====== Source information ======

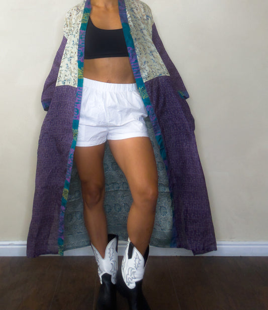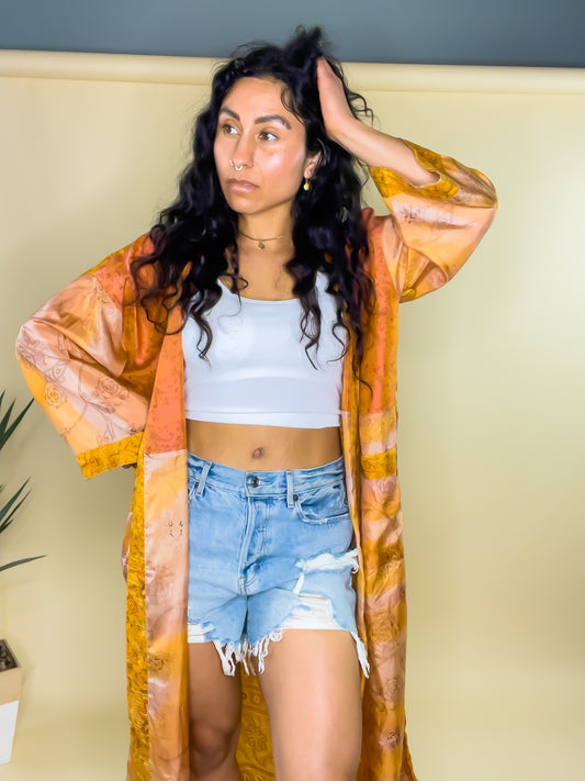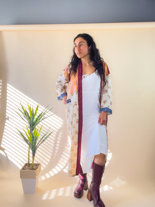 Cali Weather | Maxi Upcycled Silk Saree Kimono
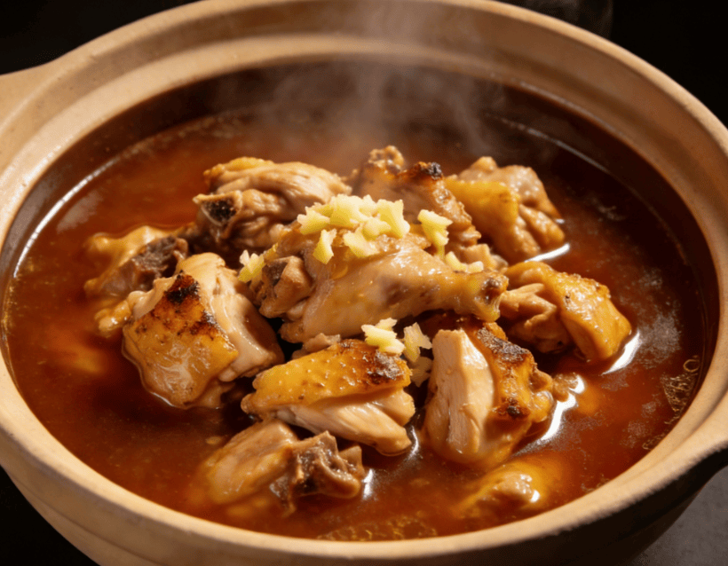 将半只鸡切块炒香,加入姜蓉、半斤娘酒、适量冰糖和水,小火慢炖1小时。娘酒性温,能活血驱寒,配合鸡肉、生姜,共奏温中补阳之效。
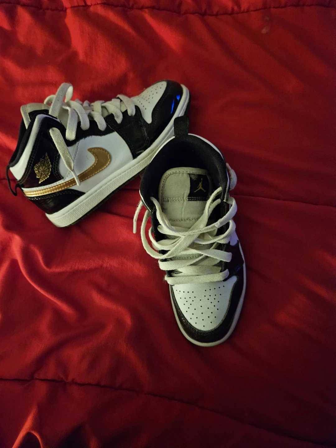 72Selling a pair of aiir Jordan 1 Mid sneakers. They are black and white with gold accents. Great for your little one! Size 13 c
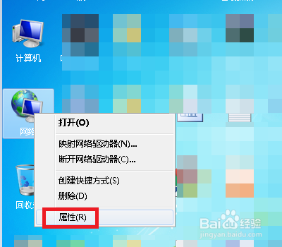 在操作系统桌面上,鼠标右键网络图标选择属性选项进入。
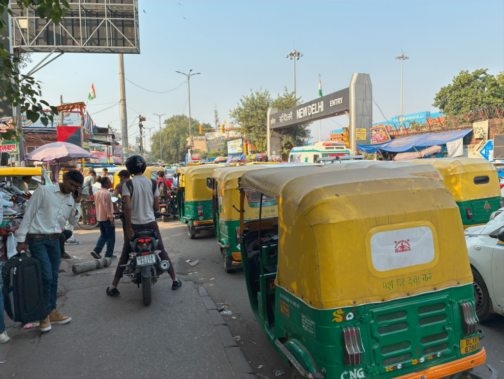 夕方のニューデリー駅周辺の様子。世界屈指の大気汚染エリアだけあり、グチャグチャです。。。どうみてもトゥクトゥクがガンの気がします。

======

→ Instructions for the task
Omit the pictures and retype exactly the lines from the one containing "在操作系统桌面上,鼠标右键网络图标选择属性选项进入。" through the end of the entries above.

→ Answer space
 在操作系统桌面上,鼠标右键网络图标选择属性选项进入。
 夕方のニューデリー駅周辺の様子。世界屈指の大気汚染エリアだけあり、グチャグチャです。。。どうみてもトゥクトゥクがガンの気がします。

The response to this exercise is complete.